Swamp rabbits occur alongside rivers and streams in the Georgia piedmont.  They’re known as canecutters because they eat bamboo cane which used to grow in thick stands many miles long in low areas of central Georgia.  Though canebrakes are rare today, swamp rabbits still can reside near the existing and numerous beaver ponds, another favored habitat.

Marsh rabbit–Sylvilagus palustris

Photo of a marsh rabbit from google images.

The range of this species takes up where the swamp rabbit’s leaves.  Whereas swamp rabbits occur in low areas of the piedmont, marsh rabbits inhabit coastal plain wetlands.


Antelope Jackrabbit–Lepus alleni



Photo of an antelope jackrabbit from google images.

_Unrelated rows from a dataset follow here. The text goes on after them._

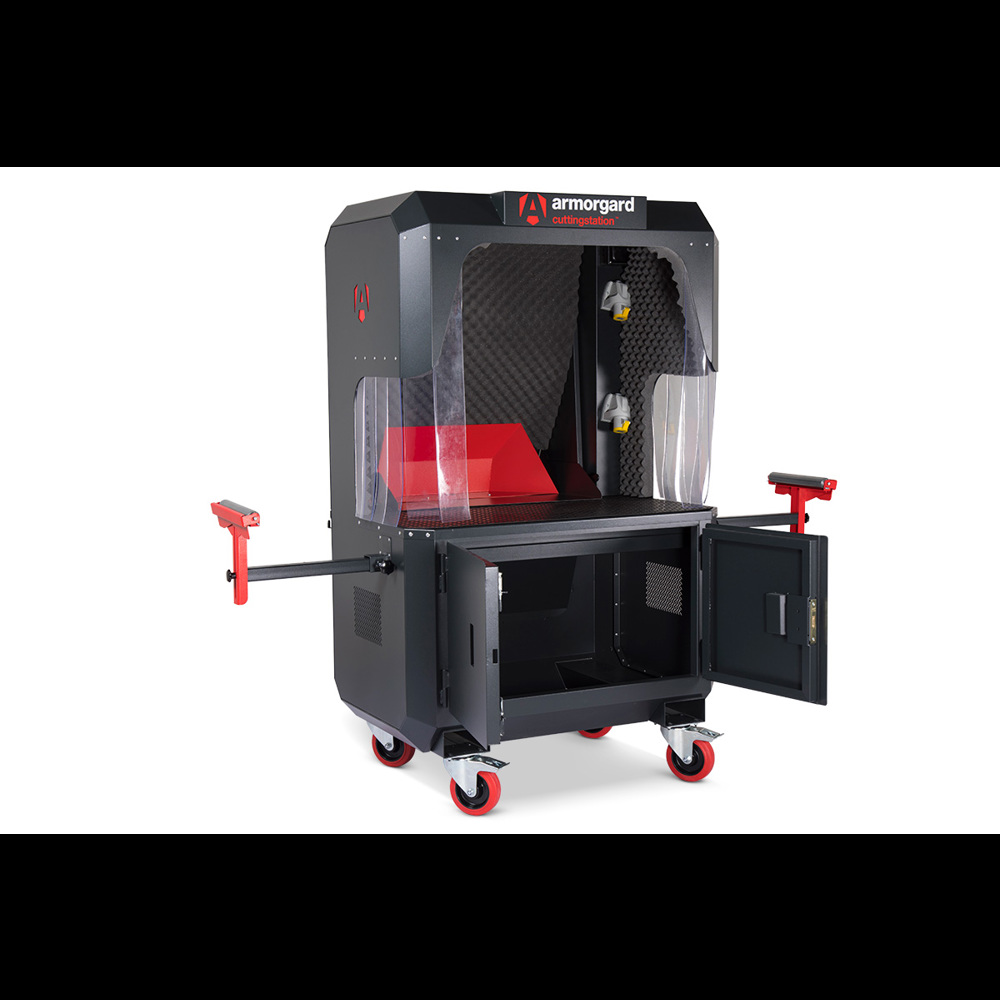 The design of this Armorgard SS7 cutting station has health and safety of the operator in mind by reducing both vibration and noise, improving user comfort and containment of dust and sparks generated during cutting.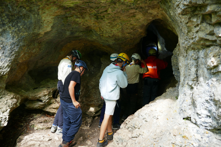 So sind am Samstag um zehn Uhr 30 tapfere Pfadfinder und ihre Leiter am Parkplatz der Gustav-Jakobs-Höhle angekommen, um ein neues Abenteuer zu wagen. Nach einer kurzen Einweisung und dem Helmcheck ging es los, den steilen Weg hinab zum Höhleneingang. Für manche eine echt große Überwindung sich durch die enge Höhle fortzubewegen. Die Stirnlampe ist mir das wichtigste Utensil, um die 300 Meter zu bewältigen. Nach einer Stunde sind alle wohlbehalten wieder raus und zu Fuß geht es danach weiter zur Falkensteiner Höhle bei Bad Urach. Dort angekommen haben wir alle großen Hunger und es gibt erstmal ein paar leckere Maultaschen, die jedes Team auf dem Trangia zubereitet. Im Anschluss werden die passenden Neoprenanzüge rausgesucht und dann geht es in die Höhle rein. Das 7 Grad kalte Wasser erfrischt uns und die Zehen fangen bald an zu frieren. Aber dennoch wagen wir uns bis zum ersten Siphon rund 400 Meter in die Höhle rein. Ein Abenteuer das so schnell keiner mehr vergisst. Dankbar und glücklich kommen alle wieder zurück und wärmen sich in der warmen Mittagssonne auf.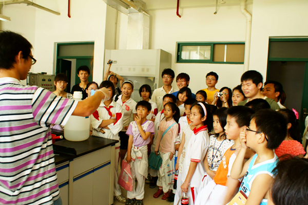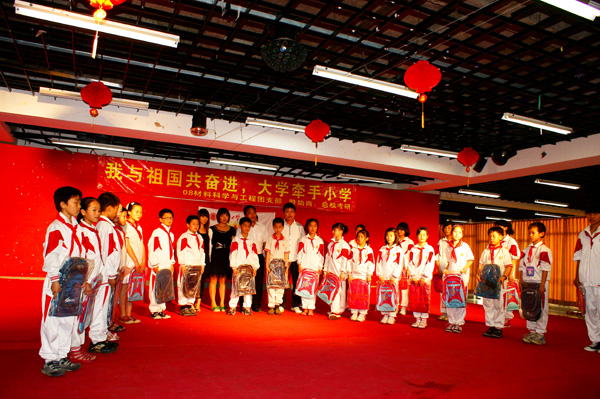 08级材料班同学带领世平学校师生一行28人参观了四端文物馆、教学楼、实验楼、图书馆以及公共生活区等教学生活设施,并在食堂小广场为小学生们宣传党情、党史知识。活动中,08级材料同学还献上了自编自导自演的话剧《魂之安曲》,穿插唱红歌、党史知识问答等,以大学生特有的创意讴歌党的光辉历程。活动最后,08级材料班同学还向小学生们赠送了学习用品,并一起观看了爱国电影《东京审判》。
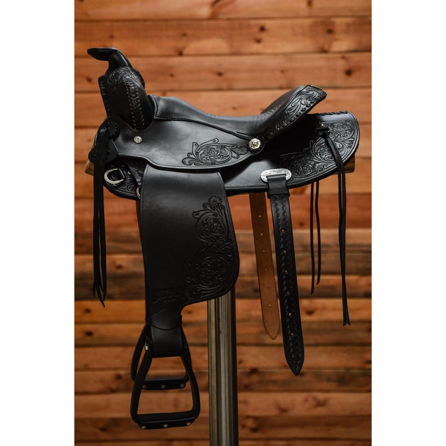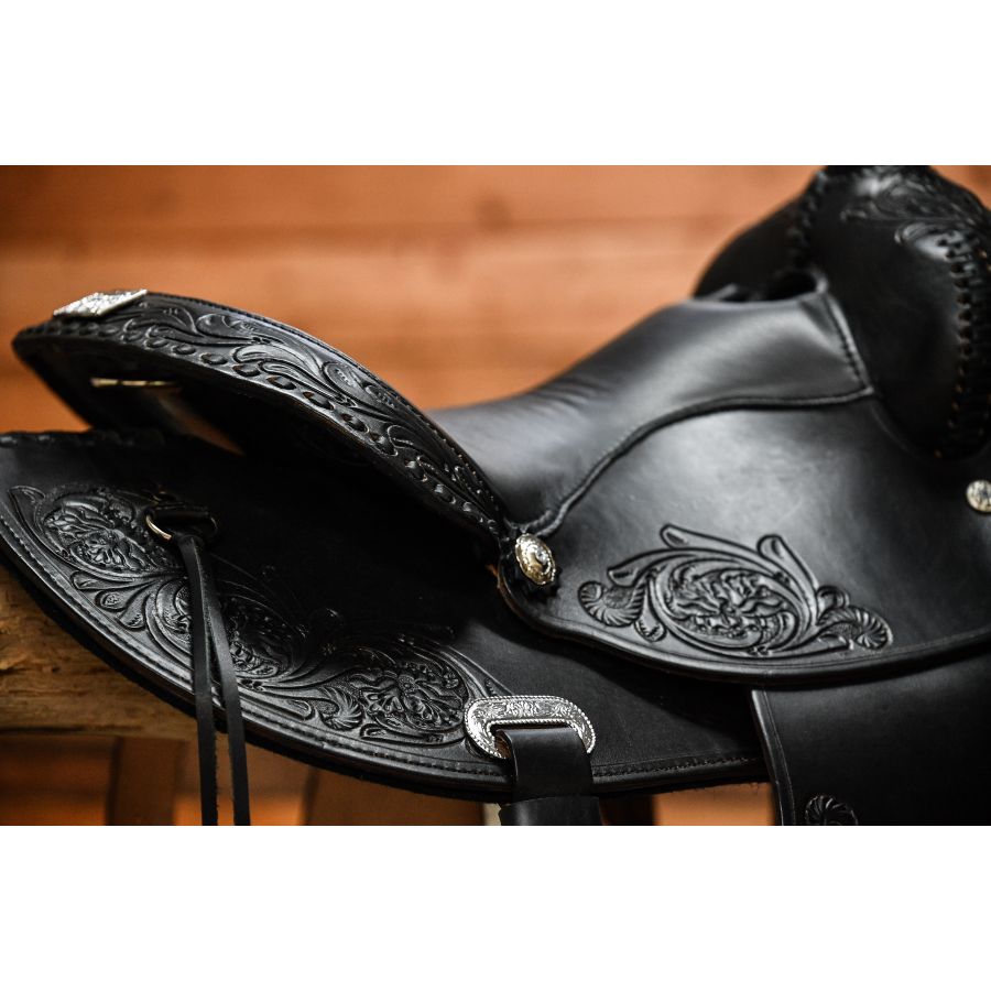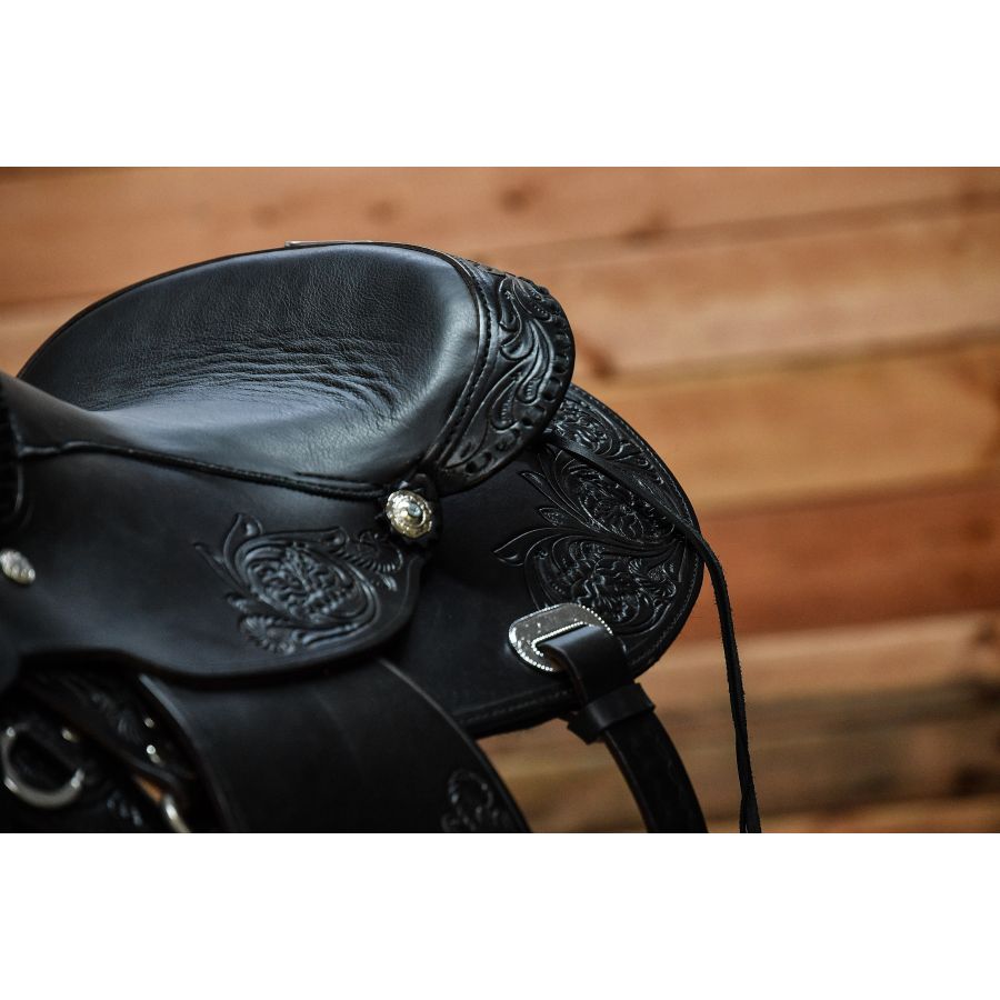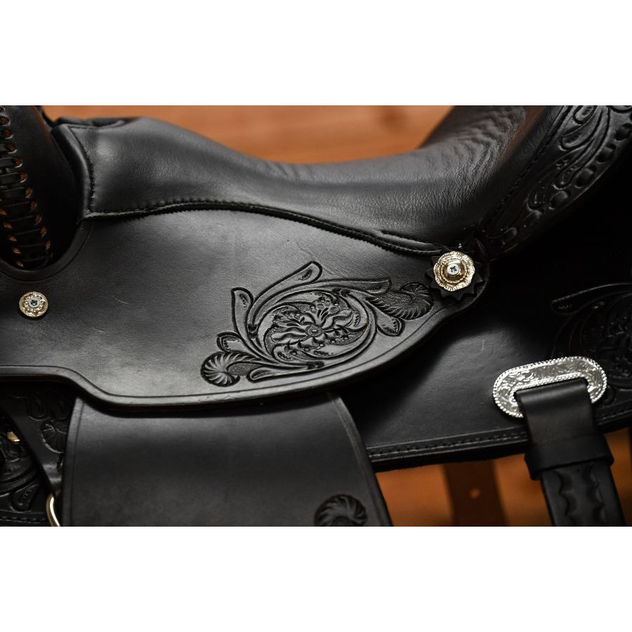 Χειροποίητη σέλα κατασκευασμένη από δέρμα. Σε κλασικό western σχεδιασμό, με κέρατο μπροστά, αναπαυτικό κάθισμα για τον αναβάτη, western αναβολείς, λουριά για πρώτο και δεύτερο έποχο και κρίκους πρόσδεσης για επιστήθιο και υπονούριο.

Fossil hunters occasionally find jackrabbit bones in florida.  Antelope jackrabbits inhabited the southeast until, at least, the middle Pleistocene (~300,000 BP).  Dry climate phases created large scale grassland and even desert-like chapparel habitats where antelope jackrabbits shared the range with pronghorns, cheetahs, and camels.  As I speculated in my blog entry “The disjunct range of the burrowing owl,” a corridor between western grasslands and eastern grasslands must have existed until the Stagell Interglacial.  Forested habitats increased during this lengthy interglacial, and this probably ended the occurrence of many western species (though not all) in the east.  The skeleton of a large unnamed extinct species of jackrabbit, estimated to be about 2 million years old, has also been discovered in Florda.  Both species undoubtedly occurred in what’s now Georgia.  Today, antelope jackrabbits must be considered a relic species, restricted to southwestern deserts.

Snowshoe hare–Lepus americanus



Lynx attacking a snowshoe hare.  Photo from google images.

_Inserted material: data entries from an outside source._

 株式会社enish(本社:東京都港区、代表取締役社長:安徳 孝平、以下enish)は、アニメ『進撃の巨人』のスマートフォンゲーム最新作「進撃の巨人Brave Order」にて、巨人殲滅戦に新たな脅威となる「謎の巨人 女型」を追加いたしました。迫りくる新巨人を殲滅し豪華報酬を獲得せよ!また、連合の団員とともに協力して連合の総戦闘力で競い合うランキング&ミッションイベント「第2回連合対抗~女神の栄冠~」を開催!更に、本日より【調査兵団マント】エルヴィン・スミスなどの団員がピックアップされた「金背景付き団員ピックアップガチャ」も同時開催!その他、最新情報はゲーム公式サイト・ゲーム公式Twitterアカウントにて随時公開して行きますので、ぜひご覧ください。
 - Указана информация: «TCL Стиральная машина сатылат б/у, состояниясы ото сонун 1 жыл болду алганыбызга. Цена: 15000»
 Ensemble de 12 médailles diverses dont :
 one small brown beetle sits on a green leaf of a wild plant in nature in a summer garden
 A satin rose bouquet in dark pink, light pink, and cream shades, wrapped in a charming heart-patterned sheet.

Fossil evidence proves Arkansas was home to snowshoe hares during the last Ice Age.  It’s quite possible snowshoe hares occured in north Georgia during the Pleistocene, and they probably lived in what’s now Tennessee.  Arkansas is well south of the present day range of this species.

Red Stewed Rabbit

In my irregular series on this blog, “If I could live in the Pleistocene,” I imagine living 41,000 years ago in what’s now east central Georgia but with modern conveniences such as a nice adobe brick home with solar-powered electricity, woodstoves,  running water from a well, and fresh produce grown in a well protected garden. (See my September and December archives) Though I raise poultry and milk cows in this imaginary utopia, I try to utilize as much game and fish as I can.  Rabbit would likely have to be an item in my diet, though I’m not too keen on killing them–their alarm call sounds like a human baby crying.  In real life I’ve experimented with rabbit and have learned that it is a good stewing meat.  Rabbit is all white meat with a flavor slightly superior to chicken.  If you’ve never had it, and someone served it to you, and you didn’t notice the different bone structure, you would think you were eating chicken. There’s not much fat on a rabbit but that’s the only part that might taste a little unusual in my opinion.

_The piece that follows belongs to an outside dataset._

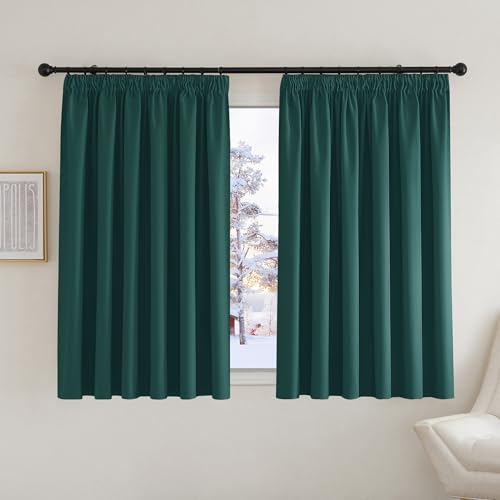 PONY DANCE Dark Green Thermal Blackout Curtains 54 Inch Drop for Bedroom, Living Room Blackout Pleat Curtains with Hooks for Track Short Curtains for Window Treatment, W46 X L54, Dark Green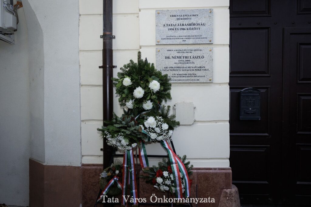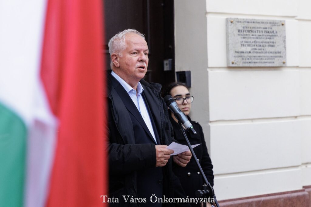 -dr. Némethi László emléktábláját a Tatai Református Gimnáziumnál,

Many people fry rabbit like chicken.  It’s ok this way but I think a little dry.  Other cooking methods are apt to make the rabbit have a rubbery texture.  That’s why I recommend stewing rabbit in a crockpot.  Here’s the best recipe for rabbit I know.

Marinate a disjointed rabbit in 1 cup of soy sauce, 2 tbls of vegetable oil, 2 tbls of honey, 1 bunch of chopped green onions, and 5 spice powder and ginger powder to taste.  Place the rabbit pieces and the marinade in the crockpot and cook for 6 hours.  The meat falls of the bone.  A little bit of the sauce goes a long way–it’s a marinade, not a gravy, but a couple of sp0onfuls will season a side of egg noodles well.

Rabbit meat stewed in a crockpot with just onions, water, and salt also makes a good base for a Brunswick stew.  Just shred the meat, remove the bones, and add crushed tomatoes, cooked potatoes, canned limas, canned corn, and red and black pepper.